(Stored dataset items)
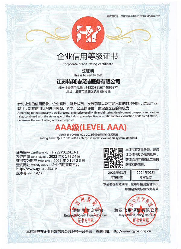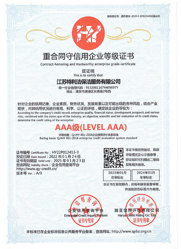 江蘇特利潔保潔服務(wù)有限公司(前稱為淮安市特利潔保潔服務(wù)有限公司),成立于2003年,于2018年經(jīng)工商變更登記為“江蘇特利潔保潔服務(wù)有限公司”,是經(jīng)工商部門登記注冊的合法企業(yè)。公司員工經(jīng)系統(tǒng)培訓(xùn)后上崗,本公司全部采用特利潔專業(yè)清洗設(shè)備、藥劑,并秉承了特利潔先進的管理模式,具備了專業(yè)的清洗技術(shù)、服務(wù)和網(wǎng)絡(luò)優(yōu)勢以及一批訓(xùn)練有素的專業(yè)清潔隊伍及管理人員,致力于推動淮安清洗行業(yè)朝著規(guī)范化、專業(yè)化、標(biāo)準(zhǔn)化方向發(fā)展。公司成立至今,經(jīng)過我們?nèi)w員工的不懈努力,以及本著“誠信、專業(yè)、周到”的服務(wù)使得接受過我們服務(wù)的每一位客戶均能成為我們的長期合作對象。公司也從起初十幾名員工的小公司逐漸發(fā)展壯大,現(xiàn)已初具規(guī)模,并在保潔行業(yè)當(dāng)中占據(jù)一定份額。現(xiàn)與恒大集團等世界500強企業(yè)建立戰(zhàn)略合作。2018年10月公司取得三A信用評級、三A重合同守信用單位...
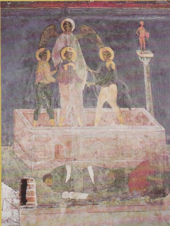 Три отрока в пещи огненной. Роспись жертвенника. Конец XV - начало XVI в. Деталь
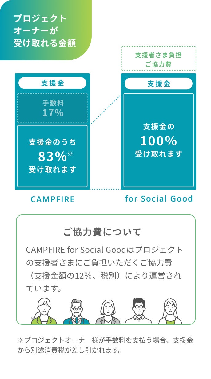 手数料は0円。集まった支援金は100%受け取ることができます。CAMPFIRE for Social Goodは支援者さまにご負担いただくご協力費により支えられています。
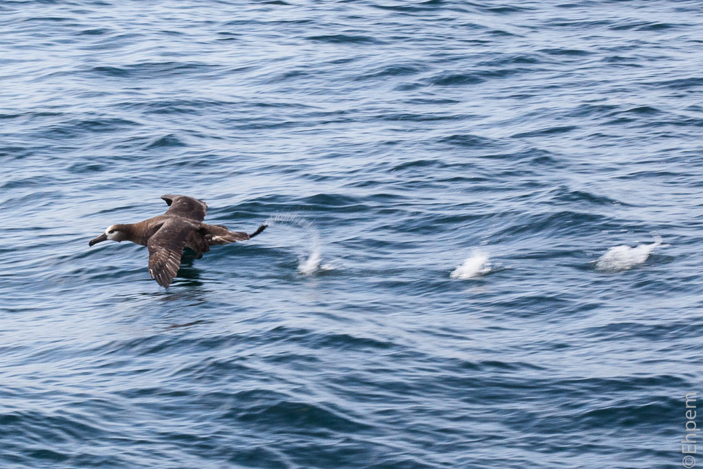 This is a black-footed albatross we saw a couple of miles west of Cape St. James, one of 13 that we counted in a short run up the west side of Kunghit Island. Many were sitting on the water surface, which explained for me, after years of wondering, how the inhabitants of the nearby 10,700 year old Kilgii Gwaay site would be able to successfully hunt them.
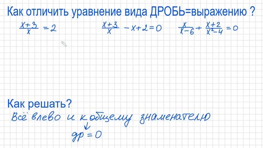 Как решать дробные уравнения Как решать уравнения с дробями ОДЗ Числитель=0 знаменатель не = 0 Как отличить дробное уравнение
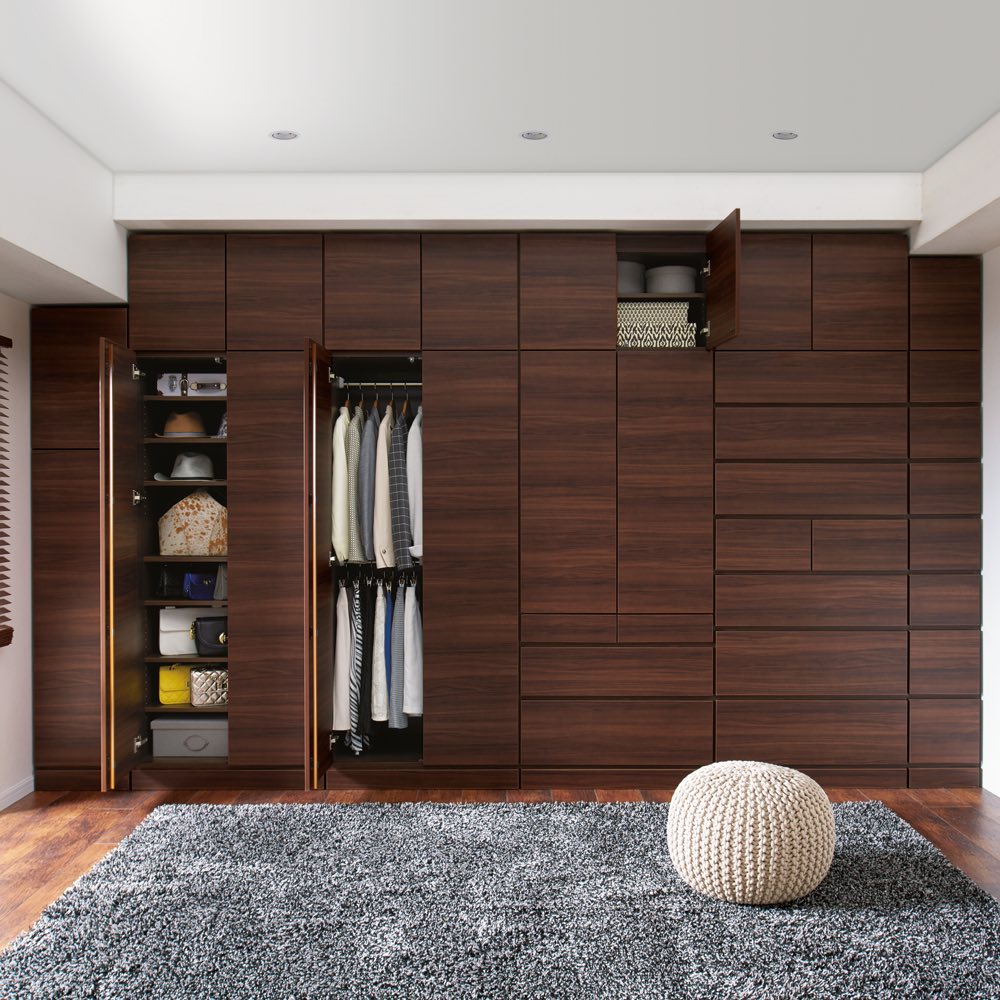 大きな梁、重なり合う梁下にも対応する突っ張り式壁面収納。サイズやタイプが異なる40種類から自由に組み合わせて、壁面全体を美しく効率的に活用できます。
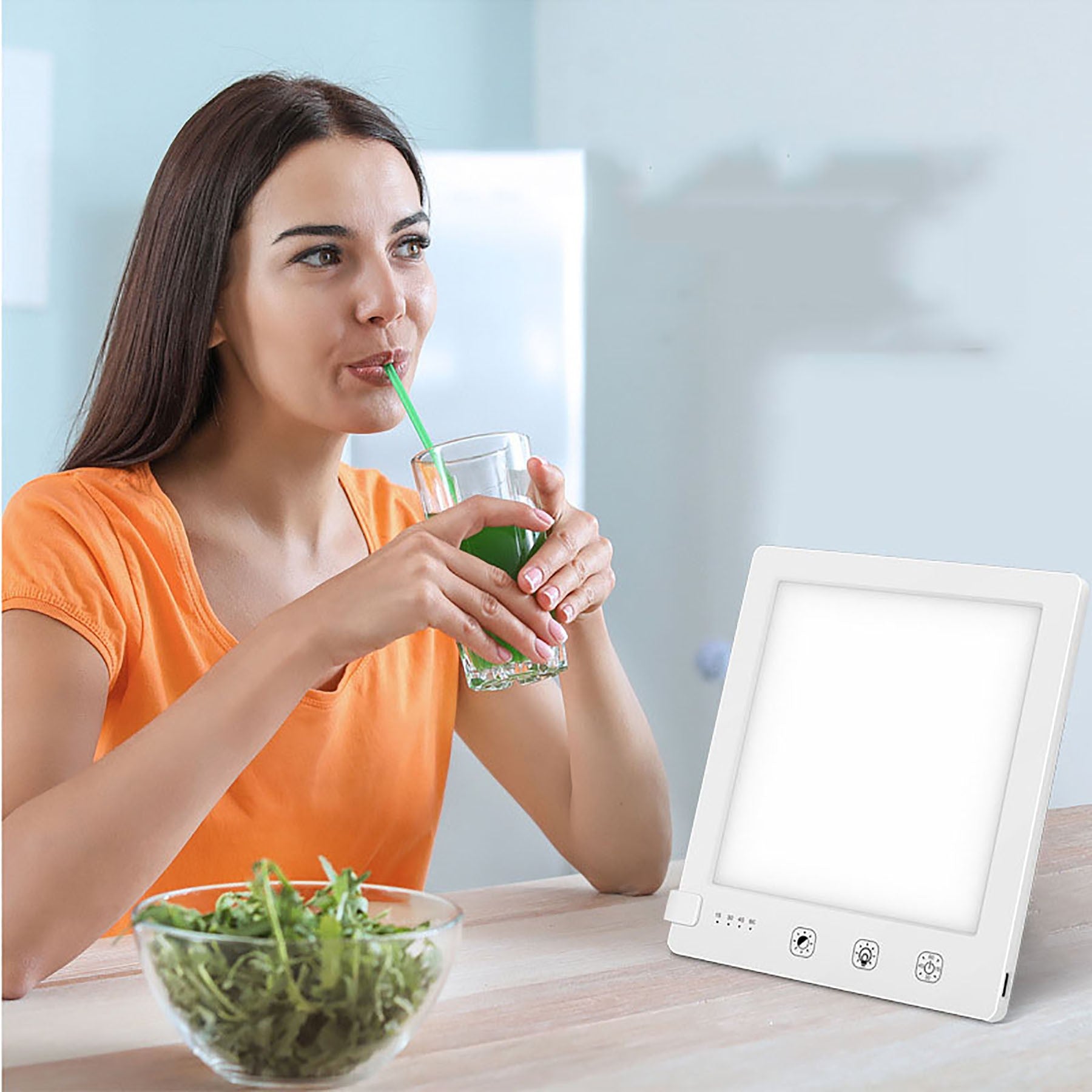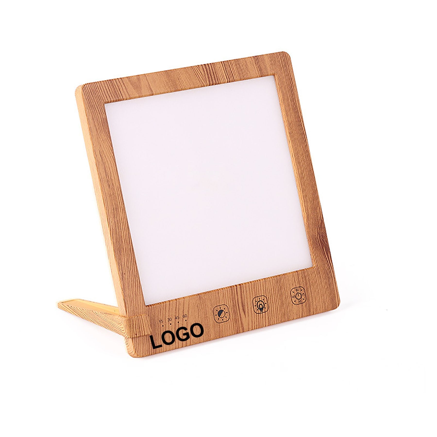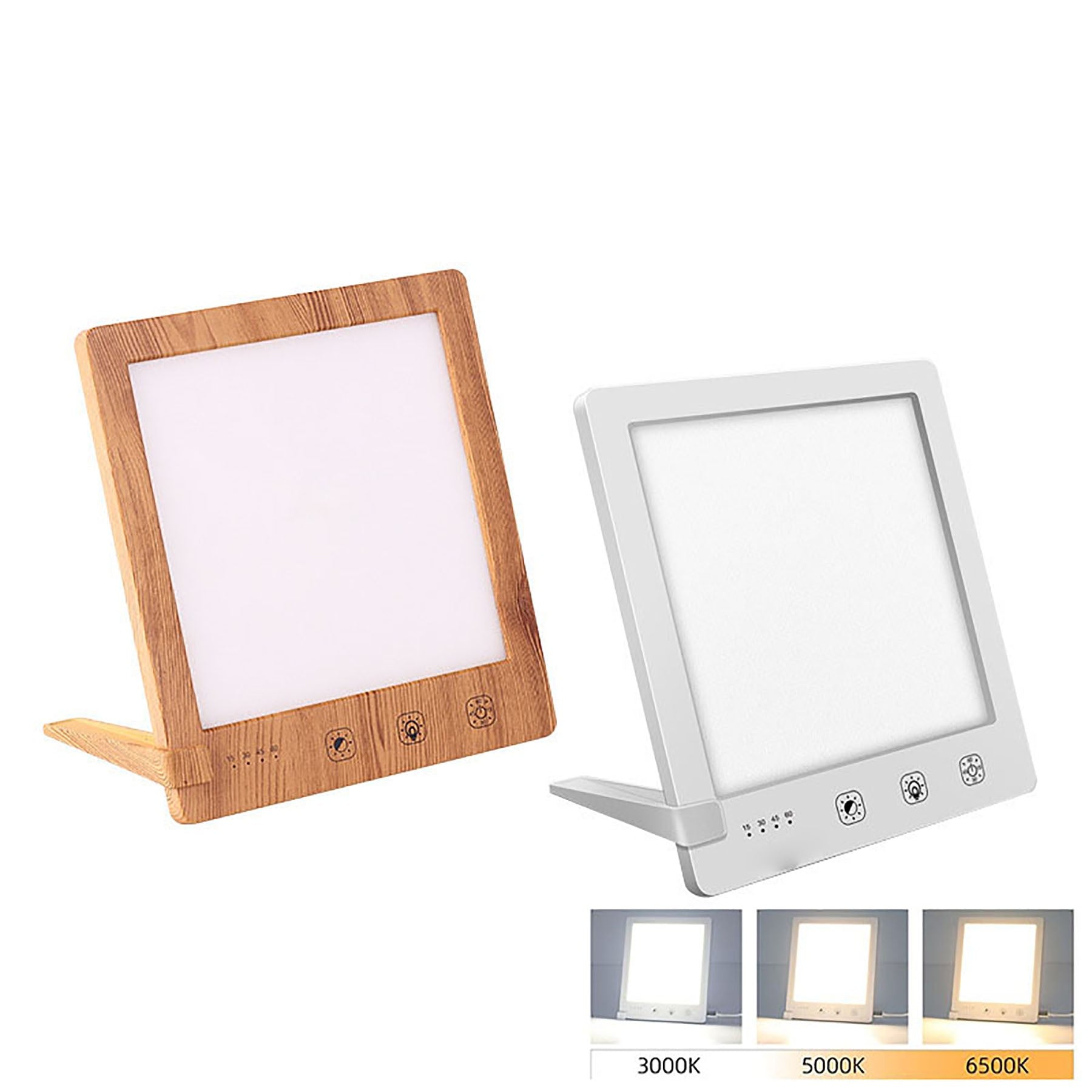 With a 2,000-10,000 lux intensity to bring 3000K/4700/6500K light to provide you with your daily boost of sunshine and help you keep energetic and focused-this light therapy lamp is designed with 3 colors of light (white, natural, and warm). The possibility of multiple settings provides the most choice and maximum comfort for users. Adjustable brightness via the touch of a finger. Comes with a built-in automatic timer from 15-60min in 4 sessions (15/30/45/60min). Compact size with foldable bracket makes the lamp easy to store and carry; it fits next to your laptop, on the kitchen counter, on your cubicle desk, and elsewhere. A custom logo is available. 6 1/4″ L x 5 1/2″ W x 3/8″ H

§ **Problem statement**
Set every entry down again exactly as written, and omit the images.

§ **Task solution**
 江蘇特利潔保潔服務(wù)有限公司(前稱為淮安市特利潔保潔服務(wù)有限公司),成立于2003年,于2018年經(jīng)工商變更登記為“江蘇特利潔保潔服務(wù)有限公司”,是經(jīng)工商部門登記注冊的合法企業(yè)。公司員工經(jīng)系統(tǒng)培訓(xùn)后上崗,本公司全部采用特利潔專業(yè)清洗設(shè)備、藥劑,并秉承了特利潔先進的管理模式,具備了專業(yè)的清洗技術(shù)、服務(wù)和網(wǎng)絡(luò)優(yōu)勢以及一批訓(xùn)練有素的專業(yè)清潔隊伍及管理人員,致力于推動淮安清洗行業(yè)朝著規(guī)范化、專業(yè)化、標(biāo)準(zhǔn)化方向發(fā)展。公司成立至今,經(jīng)過我們?nèi)w員工的不懈努力,以及本著“誠信、專業(yè)、周到”的服務(wù)使得接受過我們服務(wù)的每一位客戶均能成為我們的長期合作對象。公司也從起初十幾名員工的小公司逐漸發(fā)展壯大,現(xiàn)已初具規(guī)模,并在保潔行業(yè)當(dāng)中占據(jù)一定份額。現(xiàn)與恒大集團等世界500強企業(yè)建立戰(zhàn)略合作。2018年10月公司取得三A信用評級、三A重合同守信用單位...
 Три отрока в пещи огненной. Роспись жертвенника. Конец XV - начало XVI в. Деталь
 手数料は0円。集まった支援金は100%受け取ることができます。CAMPFIRE for Social Goodは支援者さまにご負担いただくご協力費により支えられています。
 This is a black-footed albatross we saw a couple of miles west of Cape St. James, one of 13 that we counted in a short run up the west side of Kunghit Island. Many were sitting on the water surface, which explained for me, after years of wondering, how the inhabitants of the nearby 10,700 year old Kilgii Gwaay site would be able to successfully hunt them.
 Как решать дробные уравнения Как решать уравнения с дробями ОДЗ Числитель=0 знаменатель не = 0 Как отличить дробное уравнение
 大きな梁、重なり合う梁下にも対応する突っ張り式壁面収納。サイズやタイプが異なる40種類から自由に組み合わせて、壁面全体を美しく効率的に活用できます。
 With a 2,000-10,000 lux intensity to bring 3000K/4700/6500K light to provide you with your daily boost of sunshine and help you keep energetic and focused-this light therapy lamp is designed with 3 colors of light (white, natural, and warm). The possibility of multiple settings provides the most choice and maximum comfort for users. Adjustable brightness via the touch of a finger. Comes with a built-in automatic timer from 15-60min in 4 sessions (15/30/45/60min). Compact size with foldable bracket makes the lamp easy to store and carry; it fits next to your laptop, on the kitchen counter, on your cubicle desk, and elsewhere. A custom logo is available. 6 1/4″ L x 5 1/2″ W x 3/8″ H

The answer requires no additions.